3.6 Construction of a nomogram for predicting survival rate of HCC
The clinical nomogram was constructed to quantitatively assess the patients’ survival rate through combining several risk factors (age, gender, grade, stage, T (primary tumor), N (lymph nodes), M (metastasis), and risk score). As shown in Fig. 8a, the total points of risk factors were utilized to evaluate the individuals’ 3-year and 5-year survival rates. The concordance index (C-index) was 0.68 (95% CI: 0.63–0.73). In addition, calibration curves presented good concordance between actual survival and nomogram-predicted survival (Fig. 8b-8c), especially for the 3-year survival.

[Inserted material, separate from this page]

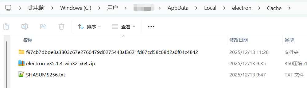 以上操作的目的是强制让electron/install.js使用本地安装包和密钥文件来安装electron。

3.7 The relationships between ARGs and clinical factors
The Student’s t test was applied to investigate the relationships between the expression levels of 3 ARGs (SQSTM1, HSPB8, and BIRC5) and clinical factors. The results showed that the risk scores increased along with the T (primary tumor) and tumor grade (Fig. 9a-9b). In addition, the expression of SQSTM1 was higher in the groups of patients aged > 65, male, and patients with higher tumor grade (Fig. 9c-9e). We also found the level of BIRC5 was related to the grade, tumor stage and T (primary tumor) in HCC patients (Fig. 9f-9 h).

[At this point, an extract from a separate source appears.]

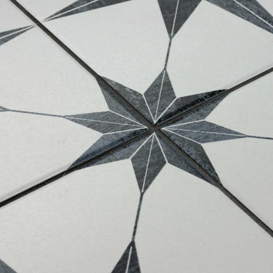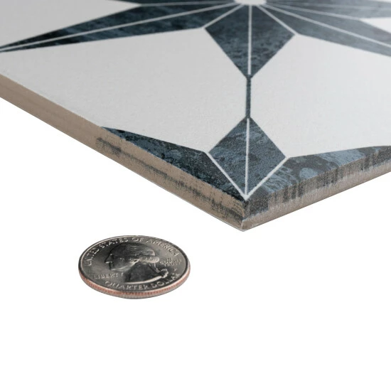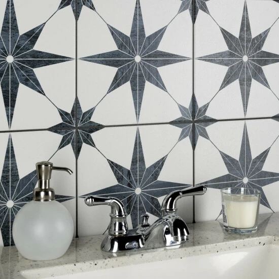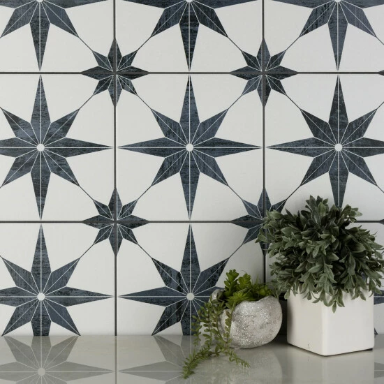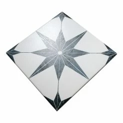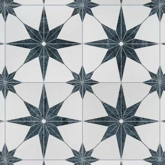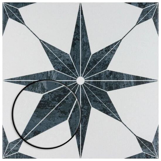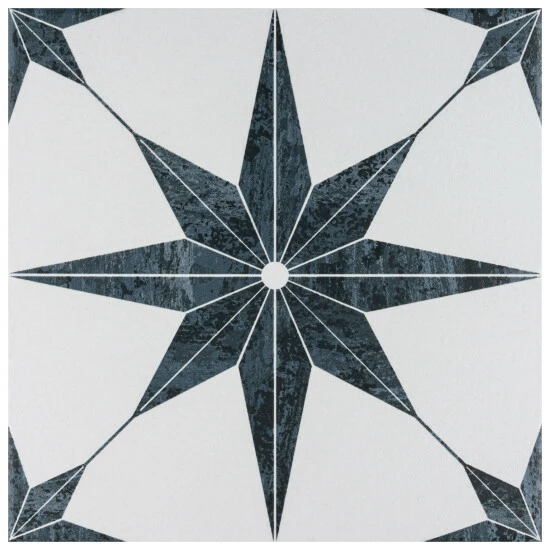 Blending texture and pattern, our Cassis Stella Black 9-3/4″ x 9-3/4″ Porcelain Floor and Wall Tile mimics the natural appearance of distressed wood and timeless old-world beauty. This square porcelain tile features a large geometric star pattern in faded charcoal black wood tones. Composed of rich detail and a textured, mixed finish surface, this floor and wall tile features stunningly realistic woodgrains and striations for additional visual dimension. Available in 10 print variations that are randomly scattered throughout each case, this porcelain tile can be laid out in various different patterns to create a truly unique installation. Its impervious and frost-resistant features make this an ideal choice for indoor and outdoor residential installations including, including backsplashes, bathroom floors and walls, showers, kitchen floors and walls, fireplaces and patios. Tile is the better choice for your space. This tile is made from natural ingredients, making it a healthy choice as it is free from allergens, VOCs, formaldehyde and PVC.

3.8 Validation of the expression of ARGs at protein level and mRNA level
The Human Protein Atlas database (https://www.proteinatlas.org/) was used to evaluate the protein levels of 3 prognostic ARGs (SQSTM1, HSPB8, and BIRC5) in HCC tissues with their expression in normal tissues (Fig. 10a-10c). As expected, the protein levels of 3 prognosis-related ARGs (SQSTM1, HSPB8, and BIRC5) were markedly higher in HCC tissues as compared with normal samples. Then, the TIMER database (https://cistrome.shinyapps.io/timer/) was applied to validate the mRNA expression levels of SQSTM1, HSPB8, and BIRC5. The results showed that the mRNA levels of these 3 ARGs were obviously higher in HCC compared to normal controls (Fig. S4).
3.9 Construction of TFs-genes networks and miRNA-genes networks for SQSTM1, HSPB8, and BIRC5
To better understand the contributions of SQSTM1, HSPB8, and BIRC5 to the development and progression of HCC. The TFs-genes networks and miRNA-genes networks for SQSTM1, HSPB8, and BIRC5 were established (Fig. 11a-11b). The numbers of TFs and miRNAs in the networks were 100 and 117, respectively. In the TFs-genes networks (Fig. 11a), ZNF394 was identified as the hub TF for these 3 target genes. Moreover, SQSTM1 and BIRC5 shared 10 TFs (ZNF394, ZBTB7A, SCRT1, ZNF644, SSRP1, MLX, PPARG, CTCF, MDX3, and ZNF501). In the miRNA-genes networks (Fig. 11b), miR-218-5p, miR-646, miR-93-5p, miR-16-5p, miR-484, miR-335-5p, and miR-1252-3p could regulate both SQSTM1 and BIRC5. In addition, SQSTM1 and HSPB8 were predicted as the targeted genes of miR-1226-3p. Taken together, the TFs-genes networks and miRNA-genes may provide new clues for the further studies on molecular mechanisms of HCC.